Children's online privacy

While there is significantly more to be done to protect our data, consumers have never been better apprised of the imperiled state of their privacy. That said, it’s still an acute problem. The air travel equivalent would be when the cabin depressurizes and oxygen masks drop. In the dramatic destabilization that has occurred to our collective privacy over the past 15 years, the trigger event–a mixture of Facebook arrogance and the Equifax breach–has come and gone, but kids have not yet received the crucial attention needed to protect their data.

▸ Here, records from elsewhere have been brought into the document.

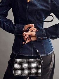 Vegan Leather Rhinestone Barrel Bag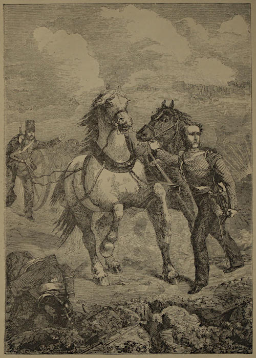We have read in books that soldiers sometimes weep while fighting hand to hand and sorely pressed—not tears of cowardly terror by any means, but such tears as the strongest of men will shed in hours of fierce excitement. Wellington wept as he embraced Blucher after the Battle of Waterloo. This, indeed, has been denied, but it is not difficult to believe it true. There are moments in the lives of all men, even the most reserved and self-contained, when the hidden fountains of feeling well over and find an outlet through the eyes, and we should not think a whit less highly of our soldiers did they shed a few tears of valiant rage while victory was still doubtful. But these tears, we suspect, are purely imaginary. For ourselves, we never met with a single soldier who confessed that he had shed tears himself, or seen others weep. We are sure that they would not have denied it if they had yielded to any such weakness, for, as a class, soldiers are the most truthful of men. All with whom we conversed agreed in affirming that our men were very quiet while fighting hand to hand with the enemy. There would be occasionally a shrill cry of pain from the wounded, or a short cry of triumph from the man who struck down his opponent,[4] but generally, all the dread work of the battle-field was done in silence. All admitted that the most fearful sound during a battle was the cry of a wounded horse; it was so like that of a human being in his death agony—shrill, piercing, heartrending. The horses seem to become almost human in the hour of battle, to share in all the wild passions of the combatants, and to exult equally in the hour of victory.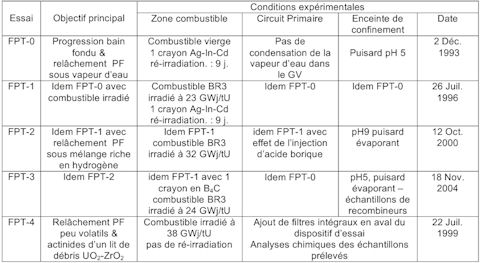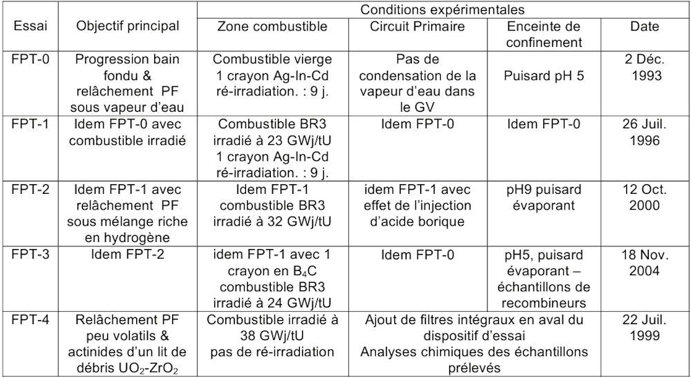 Les trois premiers essais (FPT-0 en 1993, FPT-1 en 1996 et FPT-2 en 2000) ont permis d’étudier l’effet du taux d’irradiation et de l’environnement (oxydant ou réducteur) sur la dégradation du combustible, le relâchement et le transport des produits de fission ainsi que leur comportement dans l’enceinte de confinement. Ces trois essais ont été réalisés avec une barre de commande en alliage Ag-In-Cd représentative des REP de type Westinghouse (900 MWe) dont il a été montré l’influence sur le comportement des produits de fission.

A recent study shows that nearly 40% of Amazon Prime Day shoppers have actively avoided Alexa-enabled products because they are concerned about the possibility of eavesdropping. Mozilla Firefox now features enhanced tracking protection as a default behavior. And, Apple CEO Tim Cook memorably doubled (if not tripled) down on prioritizing user privacy as the parade of Facebook stories rattled consumers to the core. More recently, New York State introduced legislation to update its data protection and privacy laws, and California’s new privacy law, modeled on the EU’s GDPR, goes into effect January 1, 2020.

Even with all the positive news from the frontlines of protecting consumer information, the safeguarding of children’s data still has a long way to go.

Consider just one recent story. Video-sharing giant YouTube is currently being investigated for the illegal collection of data from users under the age of 13 (competitor service TikTok recently paid $5.7 million in fines for similar practices), and’s Dot Echo is the focus of a class action suit for illegally recording children. A recent study from UC-Berkeley found that 57% of apps listed under Google Play’s “Designed for Families” section collected data on children under the age of 13 in direct violation of COPPA, the Children’s Online Privacy Protection Act.

How Did We Get Here?

Unless you have been living in an upside-down chowder bowl on the bottom of Cape Cod Bay, tracking and trafficking in the online browsing habits of children should come as no surprise. While there’s a massive industry for all user data, from online quizzes to browsing habits to online purchases, kids online worlds make them easy prey for pretty much every monetized online behavior out there.

ISPs, mobile carriers, social media providers, and web browsers are currently making a very healthy profit from the data associated with your day-to-day life, both on- and offline. Children are the Holy Grail for advertisers, and represent a sizable chunk of the consumer market. Their data is just as valuable as those of adults, if not more so.

While children are supposed to be protected under COPPA, the regulations have gone largely unchanged since it was passed in the late 90s, and became the law of the land in 2000. File under: “Man plans, God laughs.” Meanwhile, the Internet made Las Vegas look like a sad, poorly planned desert boom town gone bust. The surveillance economy didn’t exist when COPPA was conceived, and it needs to be updated to address our new world of constant, persistent, near-total exposure.

What is COPPA and Why Is it Failing?

The broad strokes of COPPA are straightforward: Websites aren’t allowed to collect information associated with children under the age of 13 without the express consent of a parent or guardian.

While this sounds reasonable, it also contains a major and easily exploited loophole: Namely that there is no liability for non-compliance, for just one instance, if a company or provider is not aware of that this or that information belongs to an underage user. In short, if they don’t ask for the age of the user, they’re off the hook.

When COPPA went into effect, the internet had roughly 361 million users worldwide. For context, Facebook alone currently has 2.38 billion monthly active users. Only 3% of households in 2000 had broadband Internet access, with roughly a third of households being on dial-up internet.

We’ve come a long way (for better and worse). Currently 80% of pre-teens use social media, despite the fact that the most widely-used platforms all prohibit accounts for anyone under 13.

COPPA’s idea of children requiring permission from a parent made more sense when Internet access was mainly accomplished using a land line phone connection. The law neither allowed for nor expected multi-device households, with children able to connect to the Internet via IoT devices, tablets and mobile devices via continuous wireless connection. It didn’t anticipate the rise of “free” apps that would track the activity of every user in exquisite detail. Had the framers of COPPA forseen the advent of the surveillance economy, chances are pretty good they would have been busy chasing seed money in the late ’90s.

Connected devices are designed to be as user friendly as possible, which makes them child accessible. When Disney acquired Fox, that consolidation gave the new larger entity access to giant portfolios of underage-user data. It probably should have been COPPA’s Equifax moment, but if we’re going to keep it real, Equifax probably should have had a Home Depot moment. We live in a time when the profitability of a privacy depredation makes progress hard to come by.

Since it’s no mean feat to determine the age of a user, maybe it’s time to assume users are underage, and be more restrictive with captured data. Whatever happens next, the protection of children’s data is a problem in sore need of solutions as quickly as possible. There is too much at stake.